Thursday, February 14, 2008

Metaprogramming in Grails

Groovy is a swing-and-a-miss. It will go down like OS/2 did. People will say "man that Groovy language was so good, I don't know why it didn't catch on." Here's an example of why it is a fail.

I was reading this article on developerWorks about GORM, the OR framework in Grails. Like everything else in Grails, it is "inspired" by Ruby on Rails. In this case GORM was inspired by ActiveRecord. In GORM here is an association:

class Airline {
static hasMany = [trip:Trip]

String name
String url
String frequentFlyer
String notes
}

Compare this to the same thing in Rails

class Airline < ActiveRecord::Base
has_many :trips
end

Forget the explicit listing of fields for a minute, concentrate on the has-many notation used by both frameworks. In Grails, you have a static field that has a special name.
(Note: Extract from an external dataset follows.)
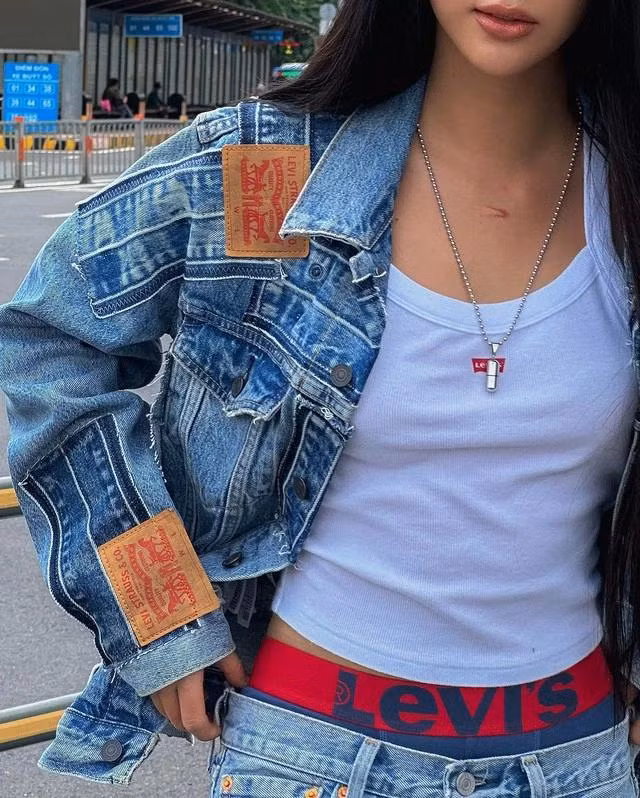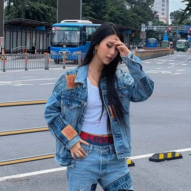 Quỳnh Anh Shyn đã thể hiện sự cá tính khi lựa chọn áo khoác và quần jeans đến từ thương hiệu Levi's. Sự lựa chọn này không chỉ mang lại cảm giác thoải mái mà còn tạo nên một phong cách trẻ trung, năng động.

In ActiveRecord you use a meta-API or macro (or whatever you want to call it) to dynamically add methods to each instance of Airline. Grails accomplishes the same thing, but it is much more of a hack. You just happen to have a static field that has a special name.

It just feels like "wow that feature is cool, we can't do it the same way ... but we can hack something together that is pretty close!" Just seems like Groovy comes up short.

4 comments:

Baz said...

[Pedant] In Rails the convention is:

has_many :trips

which reads better, as well.

Unknown said...

@baz Yes you are right. I corrected it as such.

Unknown said...

On the "hack"issue... I'm no expert in Groovy (or in Ruby for that matter!) but it seems like you should be able to do things more like how ActiveRecord does it. Obviously your object needs to extend a base class, or just call a static method on it directly. You would have to use the naming convention to go from trips => Trip.class essentially.

So maybe it is not a failure on the language, just a choice by the GORM developers that looks like a hack to me (even if it is not.) It still does not bode well for Groovy IMO. If Rails would have been similarly written, it would not have been good for the Ruby language either. The success of Rails has brought a lot of people to Ruby.

Anonymous said...

Seems fairly shallow to condemn an up and coming framework based on one small aspect of it's OR mapping.